Another example of a dependent relationship is sensory information and memory. There are two main pathways where visual information is sent. The dorsal stream reaches the posterior parietal cortex so one can receive information on where things are. The ventral stream takes messages to the inferotemporal cortex so a person realizes what things are. Memory tests on monkeys have shown that when remembering a previously presented pair of visual images, there is first action in the rhinal neurons and then the inferotemporal cortex (Pinel, 2003, p.287). This goes along with the idea that the rhinal cortex is a key factor in one’s ability to recognize what things are (Pinel, 2003, p.284). The rhinal cortex is involved in the process of recognizing objects because it is part of the medial temporal lobe, which is shown to affect explicit memories (Pinel, 2003, p.280-289). Therefore, the sensory hierarchy is important in processing stimuli. Visual stimuli are decoded by the dorsal and ventral streams. The ventral stream’s main destination, the inferotemporal cortex, is related to rhinal neurons. These are then associated with the medial temporal lobe, which also involves the hippocampus and amygdala (Pinel, 2003, p.280). This example is one of many that explain the complexities of the networking systems in the human brain.

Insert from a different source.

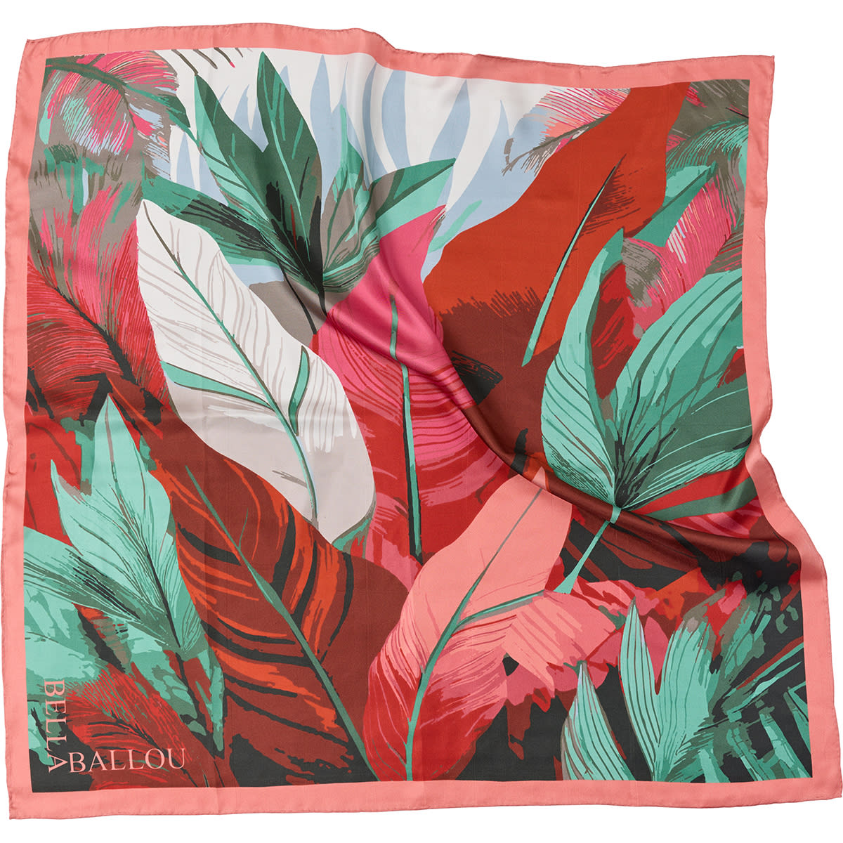 Square Silk scarf with a graphic leaf print and hand-stitched rolled edges.

Since various functions of the brain rely on other functions, it cannot be distinguished as to which is higher order and which is lower order because they depend upon each other. A function cannot be classified as “higher-order” if it is relying on another function to perform its task effectively. This is because the function in question would not be what it is without assistance from other areas performing related tasks. For example, the two visual pathways described above were the dorsal and ventral pathways. Each had two distinct, but related tasks (Pinel, 2003, p. 169). An example of the problem with classifying different functions as “higher-order” or “lower-order” is presented. Pinel (2003, p.170) describes a patient that had damage to her ventral prestriate cortex, which is part of the pathway for the ventral stream, and thus, was unable to recognize the difference between toy blocks of different shapes and sizes. However, she could accurately reach and pick them up without any awkward fumbling. Moreover, the next patient described had damage to her occipitoparietal region, which is in the dorsal pathway. She was unable to accurately reach and grab hold of objects even though she could use her fingers and show accurate measurements of the objects (Pinel, 2003, p.170). These patients both had damage to a part of the visual cortex pathways, but neither of the affected regions was at the end of the pathways, where it would be considered that the “higher order” function of the pathway would be. Therefore, any point in the pathway is essential for proper functioning.

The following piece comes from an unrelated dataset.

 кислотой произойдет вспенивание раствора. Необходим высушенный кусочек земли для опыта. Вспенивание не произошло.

In addition, the two pathways and functions are similar in purpose. If one is to decide on a “higher order” function, the importance of the task should be considered. Both pathways and functions along the way have a mutual relationship, but neither the posterior parietal cortex (the dorsal stream) nor the inferotemporal cortex (the ventral stream) could be classified as “higher order”. To do this, one would have to decide if it is more important to know what objects are or know where they are. Whatever one chooses, it is safe to assume that there will be others disagreeing or some that think it is an impossible question and both are equally important.
Finally, it does not seem plausible to divide “higher-order” and “lower-order” functions in the human brain because there are still many mysteries. The most effective method for examining functions of the brain is studying people with brain damage. Another common method is to test animals, but that is not always the most reliable method because it only has a certain amount of reliability since it is not tested on humans. Both of these tests have their problems. Obviously, some conditions or damages to the brain are rare. Few people have the specific condition and only so much research can be conducted. This creates a challenging opponent for researchers. It is a basis of psychological research that there is a representative sample. Clearly, only so much can be discovered and theorized when there is only a small population to test. Animals are presumably the next best thing. The obvious problem with this is that they are not exactly like humans. With these problems and others, it is a valid statement to say that the human mind still contains many undiscovered or unresolved mysteries.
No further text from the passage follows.